Start of Source data
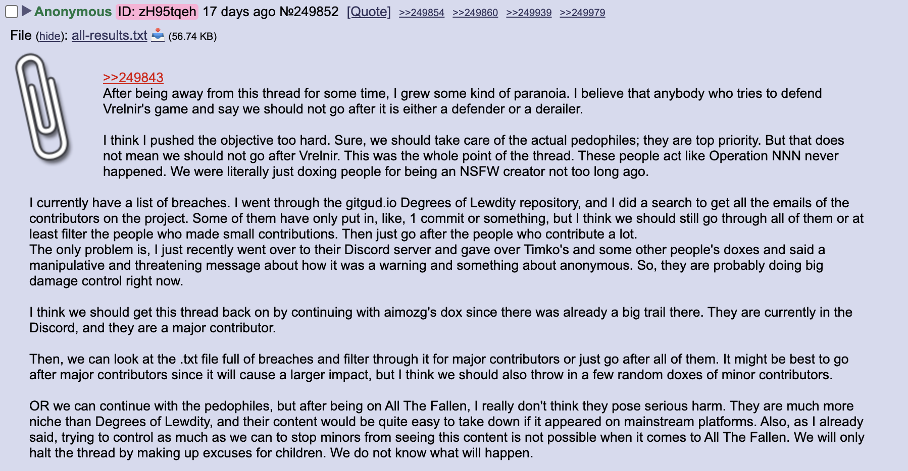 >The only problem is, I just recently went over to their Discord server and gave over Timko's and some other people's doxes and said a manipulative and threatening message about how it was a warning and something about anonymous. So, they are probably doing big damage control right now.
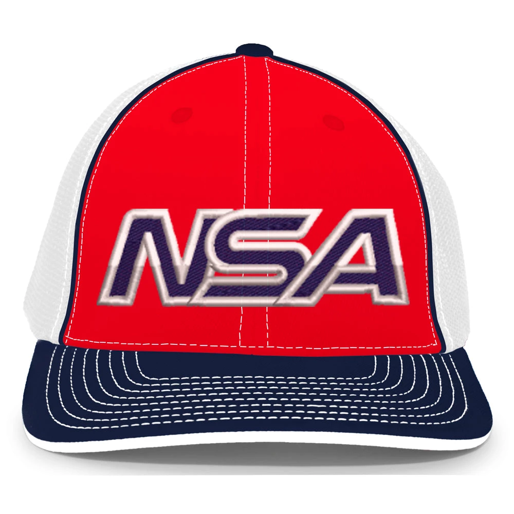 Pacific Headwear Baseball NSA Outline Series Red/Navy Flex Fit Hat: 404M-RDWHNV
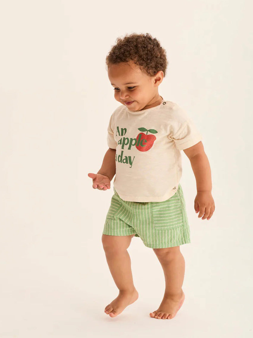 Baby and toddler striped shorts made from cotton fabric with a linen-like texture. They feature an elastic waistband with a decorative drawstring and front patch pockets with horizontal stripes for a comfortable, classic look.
End of Source data
What you should do: If the data includes images, omit them, and set down everything else exactly as above.

Answer box:
 >The only problem is, I just recently went over to their Discord server and gave over Timko's and some other people's doxes and said a manipulative and threatening message about how it was a warning and something about anonymous. So, they are probably doing big damage control right now.
 Pacific Headwear Baseball NSA Outline Series Red/Navy Flex Fit Hat: 404M-RDWHNV
 Baby and toddler striped shorts made from cotton fabric with a linen-like texture. They feature an elastic waistband with a decorative drawstring and front patch pockets with horizontal stripes for a comfortable, classic look.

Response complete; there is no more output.